Geralmente, são as pessoas que estiveram próximas, pelo menos comigo funciona assim. No momento que estiver ausente, vai proporcionar esse sentimento de saudade. Seja uma amiga, seja uma pessoa que foi e continua sendo importante na minha vida. É muito mais forte quando é uma pessoa que está mais próxima da tua vida.

Vale chamar atenção para duas pessoas que tiveram destaque nas histórias contadas por Dona Artemis, Dona Hilda e Dona Aline: Netinha, como gostavam de chamar Vanete Almeida, e Manoel Santos.

Vanete foi uma líder feminista proeminente na região, trabalhou pelos direitos das mulheres trabalhadoras rurais desde a década de 1980, atuou no Movimento de Trabalhadoras Rurais do Sertão Central (MMTR), foi coordenadora internacional da Rede de Mulheres Rurais da América Latina e do Caribe (Rede Lac), integrou o Conselho Nacional dos Direitos da Mulher (CNDM), foi indicada junto com outras 51 mulheres do Brasil ao Prêmio Nobel da Paz em 2005, foi presidenta do Centro de Educação Comunitária Rural (CECOR), sediado em Serra Talhada, e faleceu em 11 de setembro de 2012 em decorrência de complicações de câncer de mama.

A importância social de Vanete no Sertão é inegável e sua aproximação com as lutas do campo e pelos direitos das mulheres trabalhadoras rurais a tornou uma forte referência não só como militante, mas também, de acordo Dona Artemis, um modelo a ser seguido.

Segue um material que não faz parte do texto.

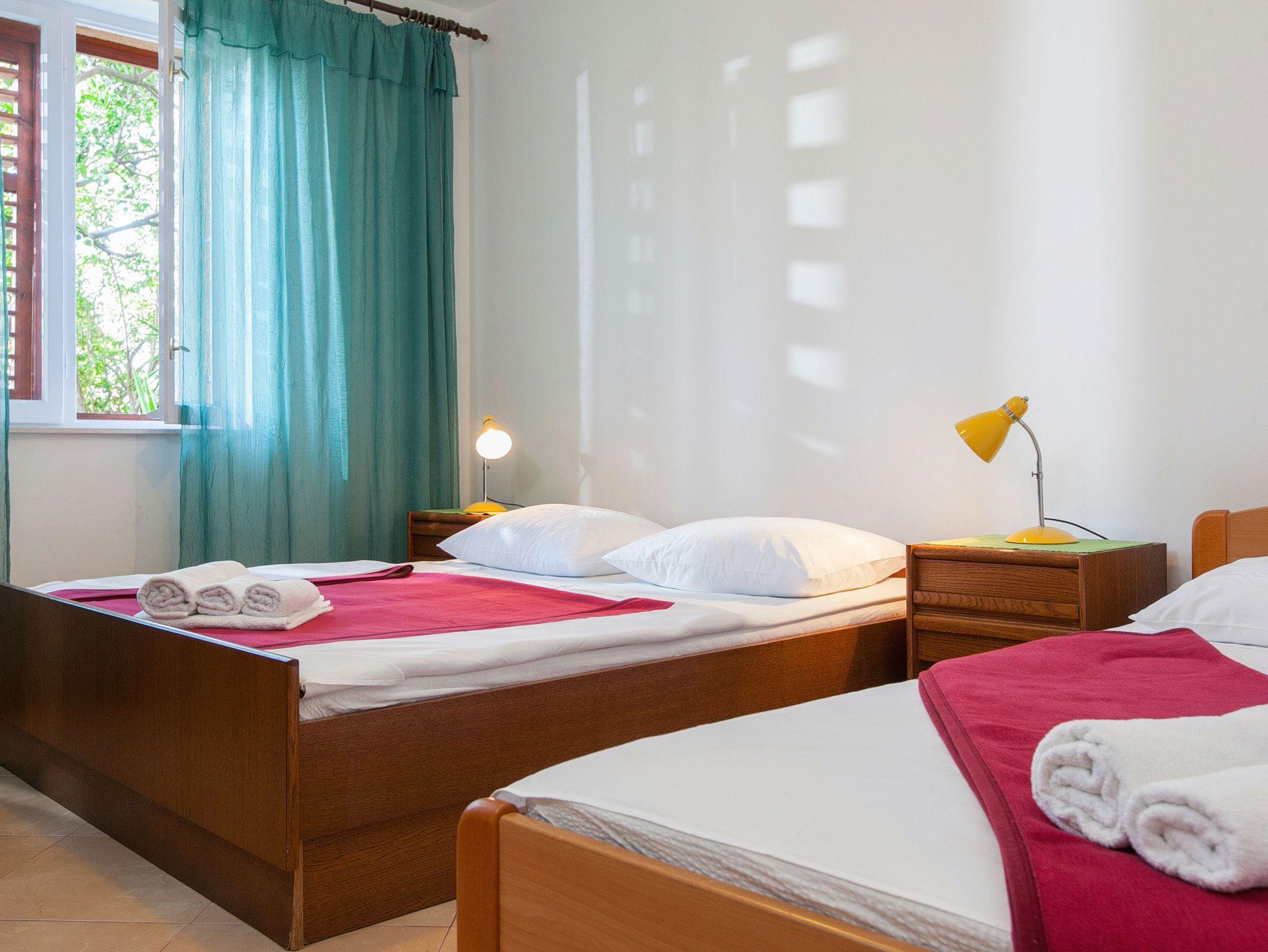 Ferienwohnung bietet Platz für 9 Gäste. Die Betten sind in Schlafzimmern, die es 4 gibt, innerhalb einer Gesamtfläche von 109m2, angeordnet. Die Gäste haben eine eigene Terrasse zur Verfügung, auf der sie in warmen Sommernächten genießen können. Für vollen Genuss und Entspannung gibt es einen privaten Grill für Gäste dieser Unterkunft. IM PREIS INBEGRIFFEN: Kurtaxe, Endreinigung, Klimatisierung, Parkplatz, Internet, Bügeleisen, Bügelbrett, Föhn. VERBINDLICHE ZUSÄTZLICHE KOSTEN: Aufzahlung für Kurzaufenthalte (prozentualer Zuschlag pro Nächtigungsanzahl: 30% - 1, 20% - 2, 10% - 3). Die Verfügbarkeit zusätzlicher Dienstleistungen in Ihrem reservierten Termin und die Preise derselben (falls nicht aufgeführt) müssen im Voraus überprüft werden. Zusätzliche Dienstleistungen die in der Zahlungsaufforderung nicht aufgeführt sind werden direkt beim Vermieter bezahlt, angenommen der Gast nutzt auch diese.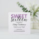 A chic modern look sweet 16 birthday party invitation with sweet sixteen in lavender purple and black. You can easily add your own personal details to this elegant sweet sixteen birthday party invitation. The back of the card features a stylish purple and white stripes pattern. If you need any help or matching products, please contact us through our store.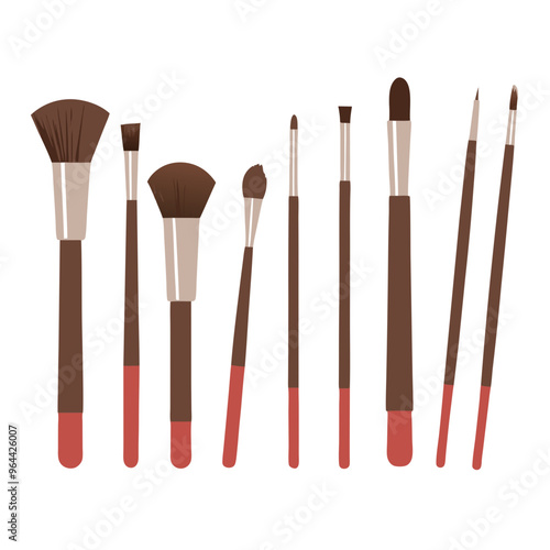 Beauty collection with a set of makeup artist brushes. Beauty make-up and cosmetics background, drawing hands emblem. Vector illustration.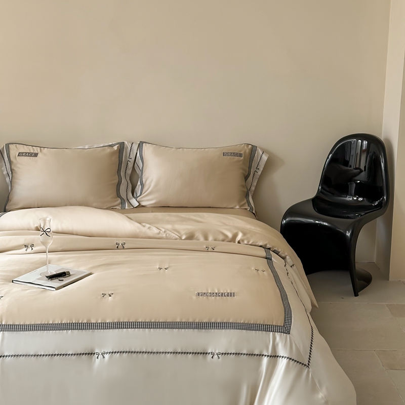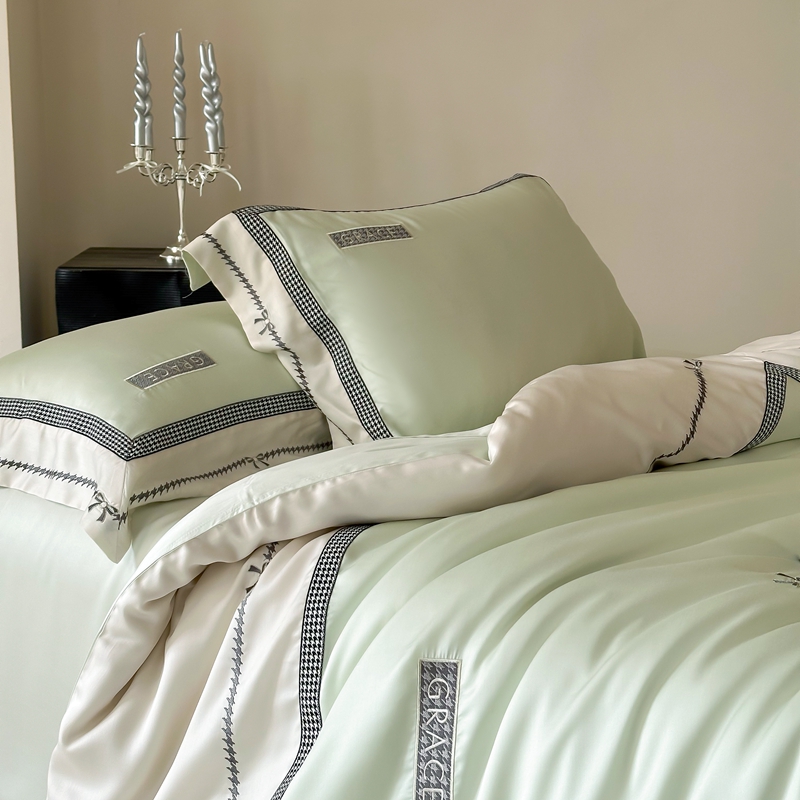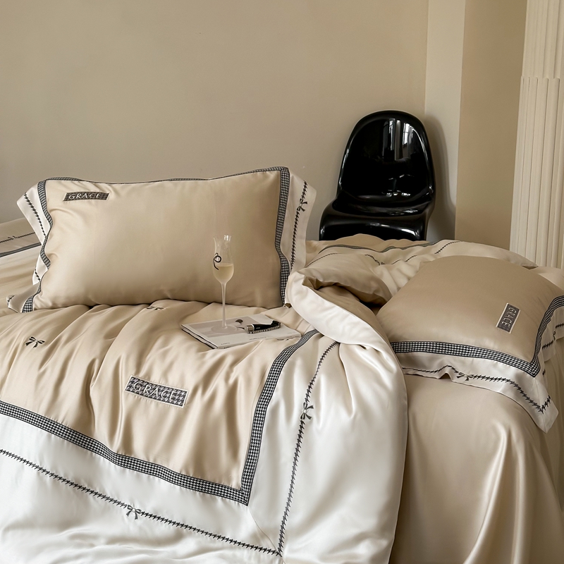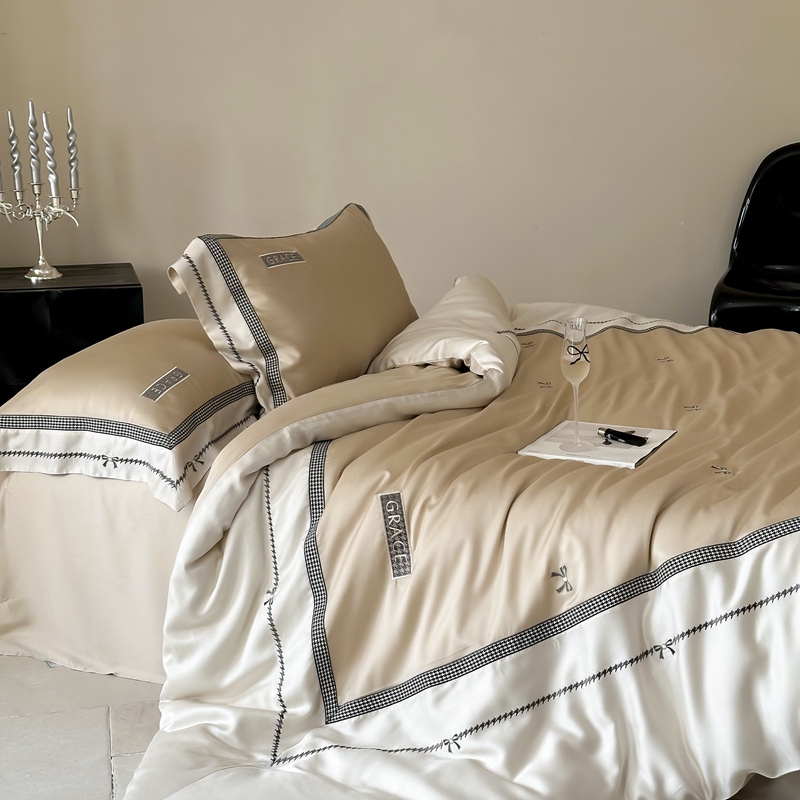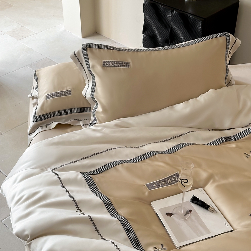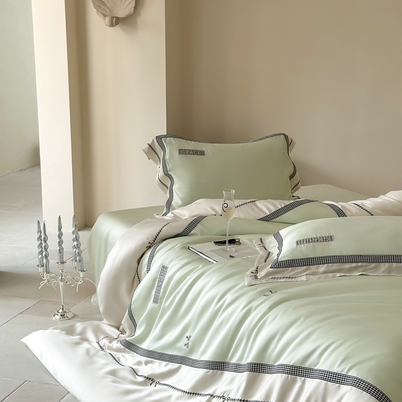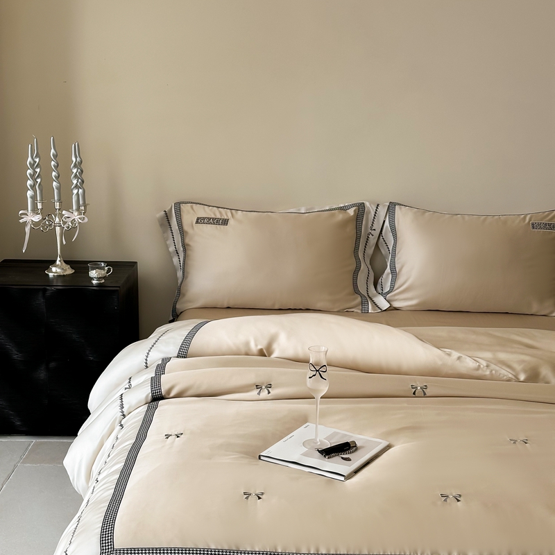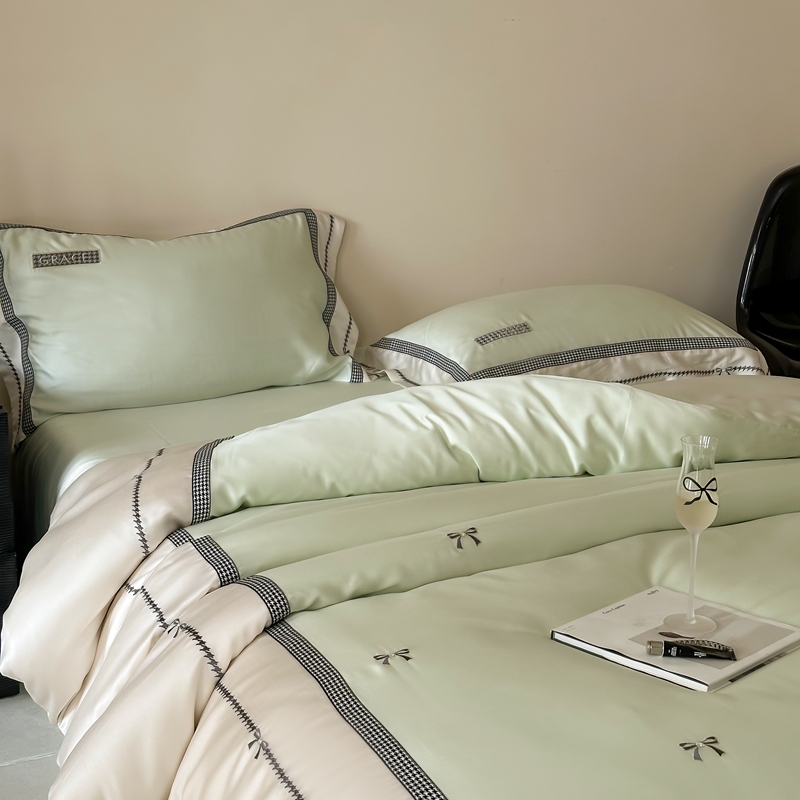 当前位置: 91家纺网 > 商品网购 > 床品套件 > 四件套 > 莱赛尔四件套 > (总)咏绒家纺2025新款60S奥地利兰精天丝绣花四件套千鸟格-克洛伊

Vanete Almeida, por exemplo, é uma pessoa que toda vez que a gente fala se emociona. Era uma pessoa que a gente amava muito. Ela nos cativou e nos deixou cheia de amor por ela. Nas reuniões das mulheres, na abertura, não tem jeito das lágrimas não caírem por causa de Netinha. Quando é abertura de tudo, eu choro. É o que dá e a gente se alivia e toca o barco.

Já Manoel Santos, foi presidente da Confederação Nacional dos Trabalhadores na Agricultura (CONTAg), o primeiro secretário rural da Central Única dos Trabalhadores (CUT), foi dirigente-fundador do Partido dos Trabalhadores (PT) em Pernambuco e deputado estadual também pelo PT. Assim, Manoel Santos também foi uma pessoa de grande importância e que é, por vezes, lembrado nas narrativas de saudade como alguém que contribuiu para o crescimento social, econômico e político da região, conforme ilustra Dona Artemis:

Toda abertura da FETAPE se faz homenagem para ele. Inclusive dia 19 de abril, que é o aniversário de morte dele. Eles colocam o vídeo e aquilo ali não tem jeito pra umas lágrimas não caírem. Quando vem as bandeiras, as fotos, o cântico e aqueles gritos “Manoel Santos presente”, a emoção cresce. Até o hino da FETAPE me faz chorar porque faz recordar tanta gente que já se foi e lutou por aquela entidade.

Desse modo, a saudade de familiares, amigos, vizinhos, ou como chama Mísia Reensink (2012) dos ‘entes queridos’, Vanete Almeida e Manoel Santos parece seguir os preceitos de uma ética social de comunidades relacionais, como o caso das comunidades rurais de Santa Cruz da Baixa Verde, e que vem a fortalecer as relações sociais na região a partir do reconhecimento de importância dos mesmos via saudade e lembrança.